CLEVELAND, Ohio (Ivanhoe Newswire) — Exercise, particularly outdoors, has been shown to reduce anxiety and depression, as well as improve your mood. With the current COVID pandemic, people are itching to get out of their house and move. But how about outdoor sports?
Experts recommend maintaining six feet of separation to combat the rapid spread of COVID-19. So, are you at risk if you step outside for some exercise?
Neha Vyas, MD, Cleveland Clinic, explains, “Self-isolating does not mean giving up outdoor sports.”
Things like running and hiking are ideal as long as you keep that distance. Golf is also an option, just use separate carts and wipe everything down when you’re done.
“Any sport that doesn’t require close physical contact can be continued,” Dr. Vyas continued.
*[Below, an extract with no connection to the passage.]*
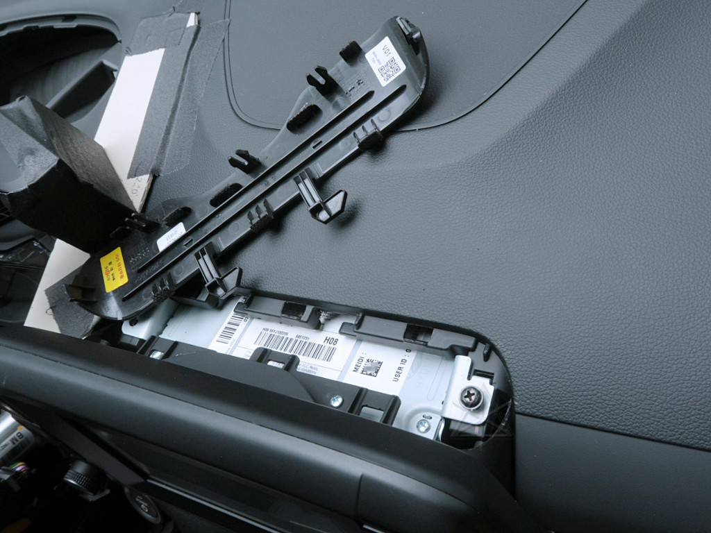 The whole unit went on the bench for disassembly, and from this point it was surprisingly painless to do what I needed. The unit manufacturer simply OEMs third-party modules and adapts them in; the daughterboard here carries the cell radio and the Sirius XM receiver. The cell modem is at the lower right here, with its cover next to it. Apparently made by "Continental", and designed for mobile applications -- it just plugs onto the daughterboard. Often the thru-tabs on such shielded box covers are soldered in, but these weren't -- just twisted a little once through the holes to retain it in place, thus very easy to straighten and remove. There's even an IMEI printed on the module, as well as on the label on the outside of the head unit. No obvious SIM, but these things are probably implemented as an "eSIM" memory block inside which allows for remote provisioning. Popular wisdom indicates that they're probably registered on some variant of Verizon data service. |

What about tennis or pickleball?
Raymond Pontzer, MD, FACP, Chief of Infectious Disease, UPMC, warned, “If you have a doubles partner and you’re banging into that doubles partner, that might be a risk.”
Contact sports like volleyball, basketball, or football, which require a lot of passing, should definitely be avoided.
Dr. Vyas now says to avoid any sport that requires more than one person. Wash your hands consistently. Avoid touching your eyes, nose, or mouth. And if soap and water aren’t readily available, use a hand sanitizer that contains at least 60 percent alcohol. For the latest stats on this area or anywhere you have relatives, go to: coronadatascraper.com/#features.json.
Contributors to this news report include: Gabriella Battistiol, Writer; and Roque Correa, Editor.
SPORTS SPREADING COVID?
BACKGROUND: Social distancing means minimizing contact with people and keeping a distance of at least six feet between you and others. This distancing helps slow down or stop the spread of a contagious disease. Examples of social distancing on a larger scale include limiting gatherings to 10 people or less, canceling events, and closing buildings. On a smaller scale, it includes practicing good hygiene habits and limiting person-to-person contact. Protective measures like social distancing are proven to “flatten the curve,” or decrease the daily number of cases of a contagious disease. Large gatherings of 10 people or more during an outbreak can result in many ill people and quickly overwhelm hospitals and clinics. By following the
recommendations from the Department of Health Services and the Centers for Disease Control and Prevention, the transmission can be stalled, and more cases prevented.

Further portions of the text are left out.